Task material —
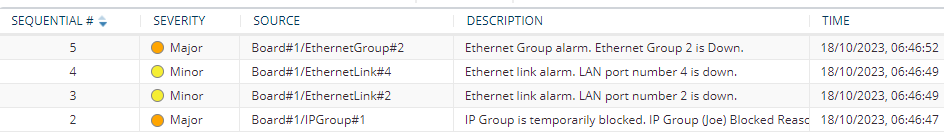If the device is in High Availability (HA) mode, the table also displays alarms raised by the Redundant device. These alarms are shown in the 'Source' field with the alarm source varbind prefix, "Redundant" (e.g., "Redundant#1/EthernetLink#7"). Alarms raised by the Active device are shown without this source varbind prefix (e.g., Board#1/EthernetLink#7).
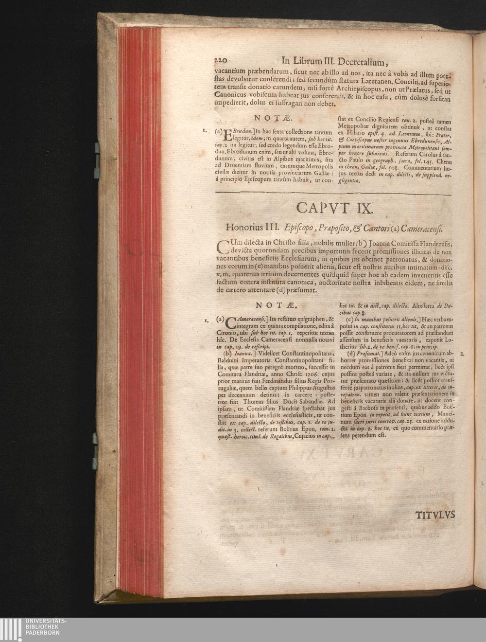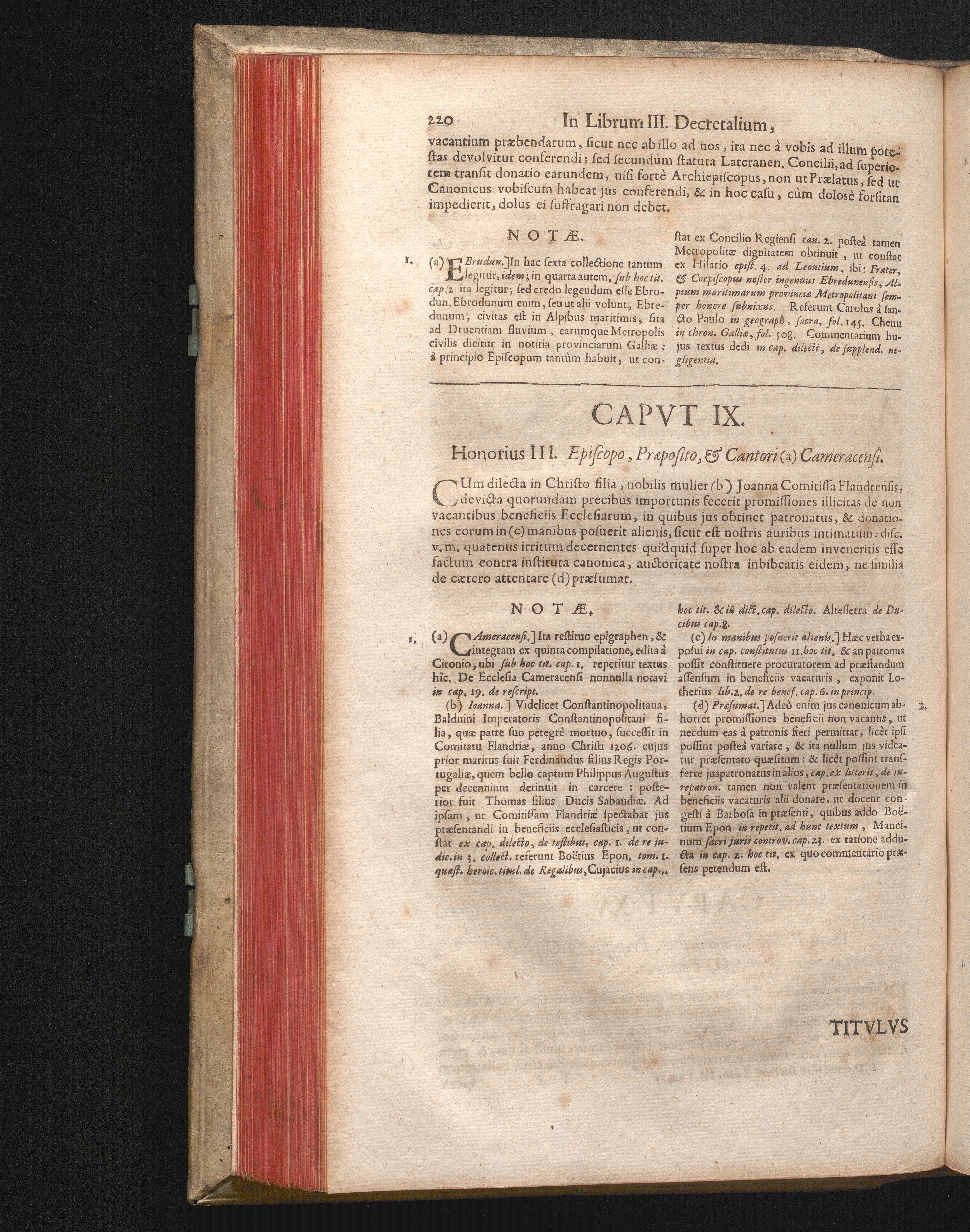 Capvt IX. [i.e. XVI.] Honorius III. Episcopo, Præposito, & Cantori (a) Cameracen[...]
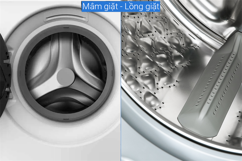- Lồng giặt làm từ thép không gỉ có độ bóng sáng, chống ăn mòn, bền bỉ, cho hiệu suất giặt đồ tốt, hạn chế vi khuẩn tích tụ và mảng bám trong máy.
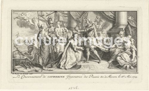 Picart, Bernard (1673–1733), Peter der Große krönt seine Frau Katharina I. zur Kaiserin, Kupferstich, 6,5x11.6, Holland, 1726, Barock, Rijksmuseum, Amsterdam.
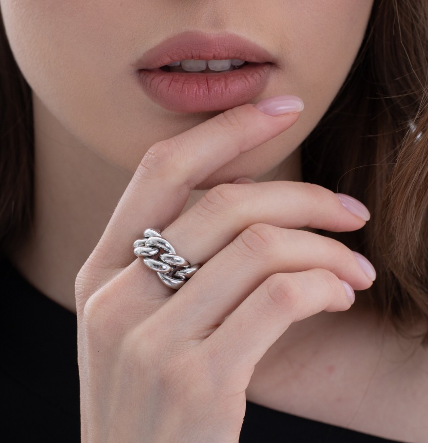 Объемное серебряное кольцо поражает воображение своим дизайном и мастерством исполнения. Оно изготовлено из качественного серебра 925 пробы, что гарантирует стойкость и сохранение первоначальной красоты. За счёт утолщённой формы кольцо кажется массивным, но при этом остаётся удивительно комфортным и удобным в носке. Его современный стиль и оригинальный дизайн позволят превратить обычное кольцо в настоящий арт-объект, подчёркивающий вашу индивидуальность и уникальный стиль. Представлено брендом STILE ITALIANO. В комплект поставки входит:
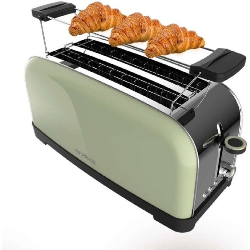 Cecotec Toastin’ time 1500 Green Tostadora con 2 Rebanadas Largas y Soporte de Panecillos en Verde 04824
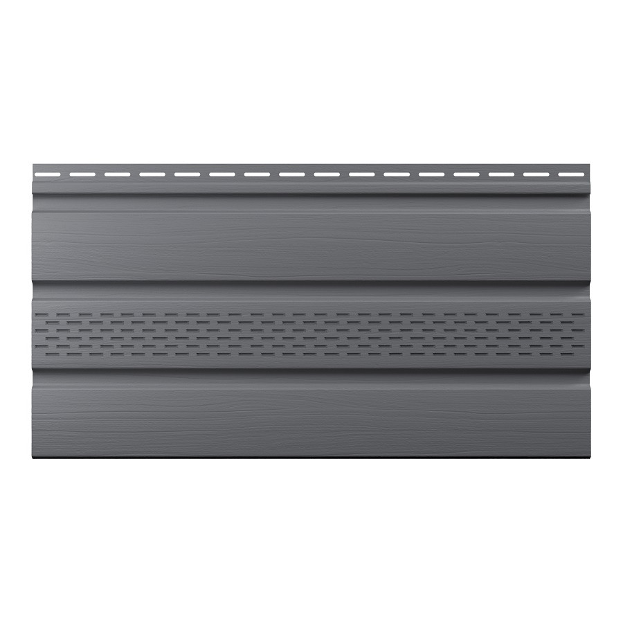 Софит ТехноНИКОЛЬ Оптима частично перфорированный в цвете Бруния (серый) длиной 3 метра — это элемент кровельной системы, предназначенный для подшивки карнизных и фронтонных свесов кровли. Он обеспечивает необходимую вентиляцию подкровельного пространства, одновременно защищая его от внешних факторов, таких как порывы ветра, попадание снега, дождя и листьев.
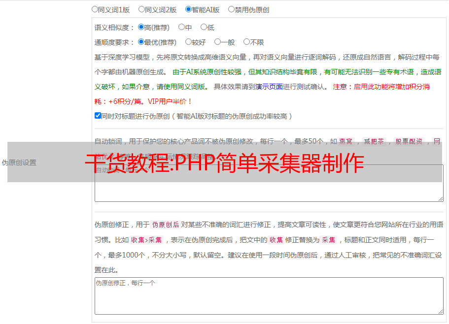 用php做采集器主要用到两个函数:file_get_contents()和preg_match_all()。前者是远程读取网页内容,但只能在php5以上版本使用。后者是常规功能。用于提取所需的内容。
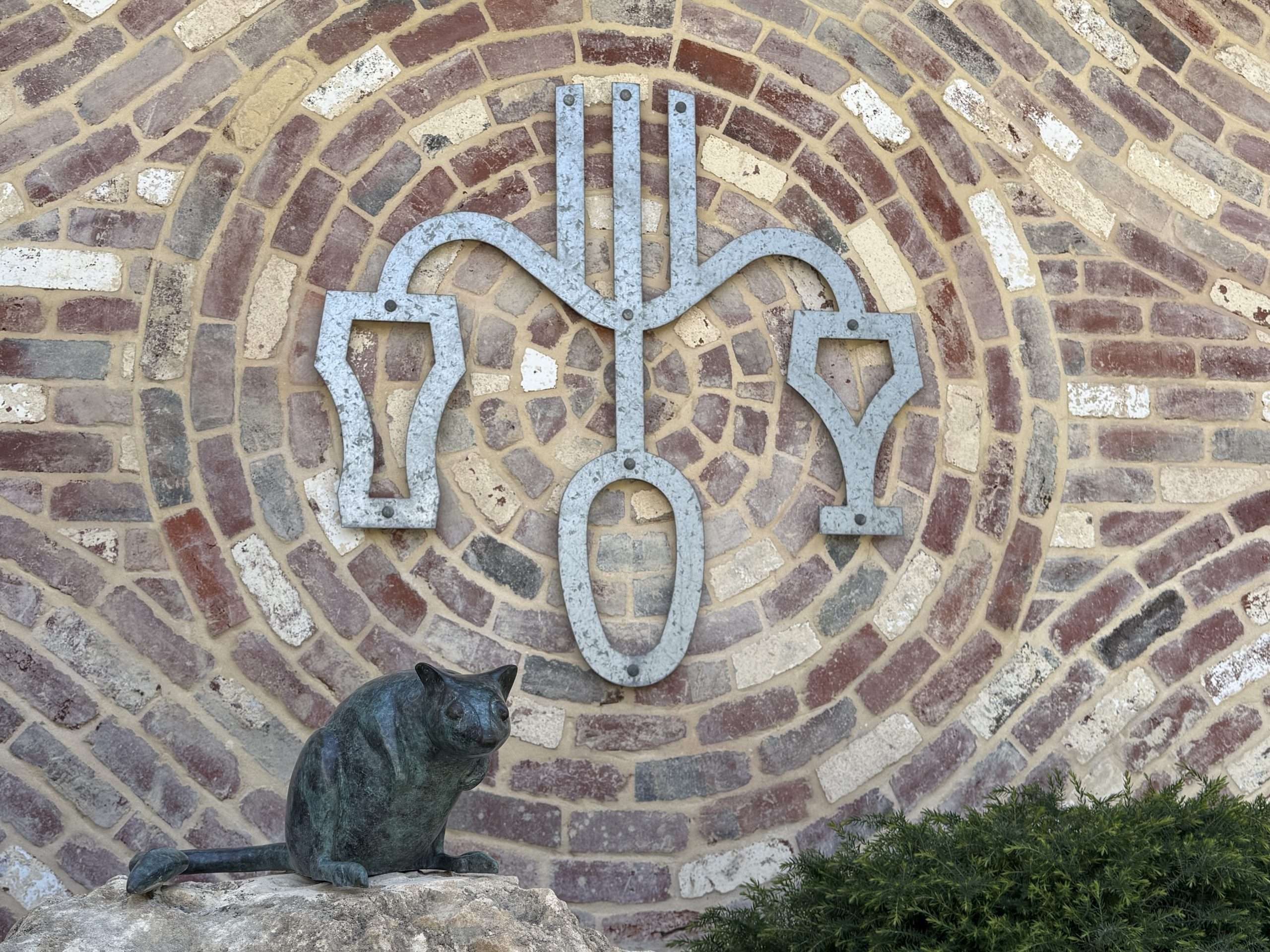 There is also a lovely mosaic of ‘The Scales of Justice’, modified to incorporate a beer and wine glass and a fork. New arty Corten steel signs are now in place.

Exercise directions — Only the lines from the top of the material through the line containing "- Lồng giặt" should be written out, exactly and without pictures.

Answer to this task —
If the device is in High Availability (HA) mode, the table also displays alarms raised by the Redundant device. These alarms are shown in the 'Source' field with the alarm source varbind prefix, "Redundant" (e.g., "Redundant#1/EthernetLink#7"). Alarms raised by the Active device are shown without this source varbind prefix (e.g., Board#1/EthernetLink#7).
 Capvt IX. [i.e. XVI.] Honorius III. Episcopo, Præposito, & Cantori (a) Cameracen[...]
- Lồng giặt làm từ thép không gỉ có độ bóng sáng, chống ăn mòn, bền bỉ, cho hiệu suất giặt đồ tốt, hạn chế vi khuẩn tích tụ và mảng bám trong máy.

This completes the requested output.